The website documents the metadata terms used to share information about nomenclature, and it provides a comprehensive, searchable list of nomina relevant to the fossil history of human evolution. This information is also provided in the Supplementary Online Material (SOM) Tables S1 and S2. These online and print listings of hominin nomina can assist researchers managing nomenclature; it also serves as a bibliographic archive on the history of paleoanthropology that can help students reading older publications that invoke defunct names.

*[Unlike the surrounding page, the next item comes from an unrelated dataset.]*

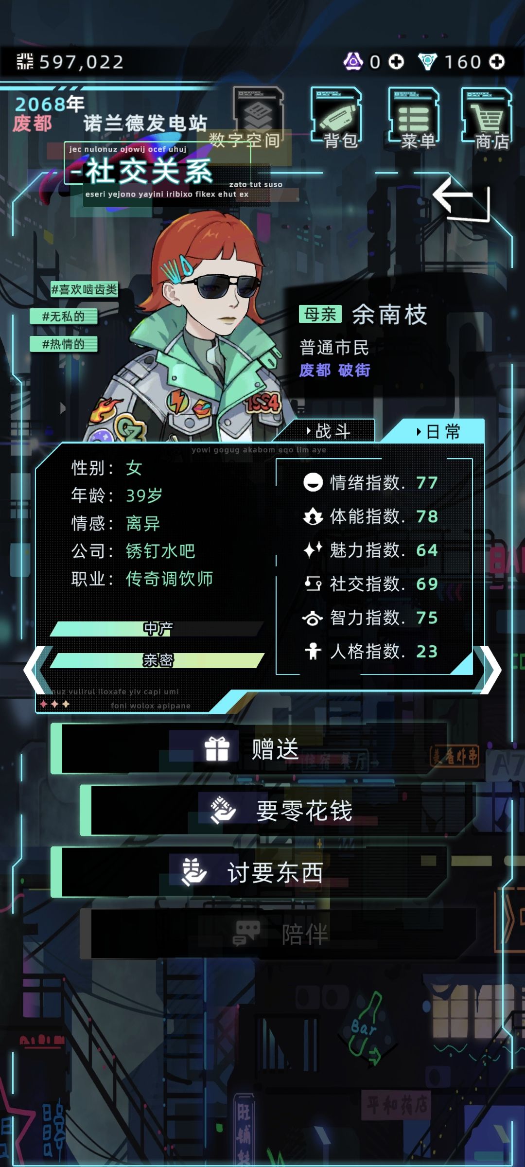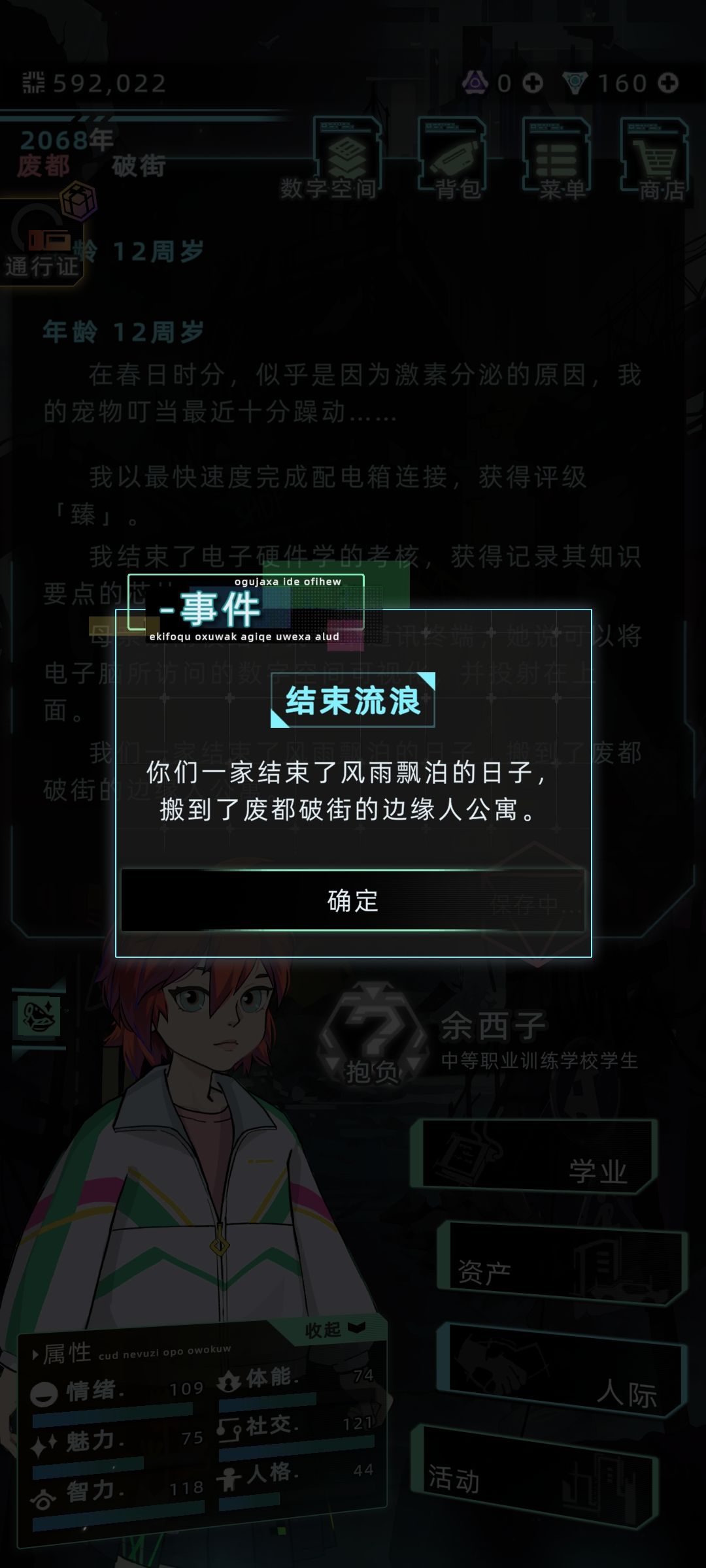 我在发电站出生,并且成长。随着时间的变换,我的父母又一次感情不和。是的,没错,他们又离婚了,虽然我劝说父亲不要离婚,但是他觉得想让我们拥有一个平和的童年,不想和我的母亲每天吵架,影响到我们,所以他毅然决然的离婚了,我再一次的永远的失去了我的父亲。但是在离婚之后,我的母亲和我的弟弟驻扎在了破街,不过不知道为什么,我却是在发电站停车场流浪~直到下一年,我终于摆脱了当前的困境和我的母亲,以及我的弟弟重逢了,恭喜我结束了流浪的生活

In the process of compiling nomina, it became clear that many of the issues raised in the 1950s and 1960s continue to pose challenges in paleoanthropology: (1) the lack of stable, globally unique, primary identifiers for fossil specimens (i.e. enhanced catalog numbers), (2) the ongoing (and shifting) use of species names to designate informal groups, (3) a lack of transparency regarding the hypodigms of named taxa, and (4) uncertainty regarding the availability and validity of existing names that are called back into service as new fossils are discovered or new theories are developed about the pattern of human evolution. In our view, information systems are a key asset for addressing these challenges. Open and FAIR information systems also form the foundation for expanding access to scientific resources that allow broader participation in scientific advancement and help address the colonial and racist history of paleoanthropology (Blakey, 1999, 2021; Wolpoff and Caspari, 2013; Fuentes, 2020).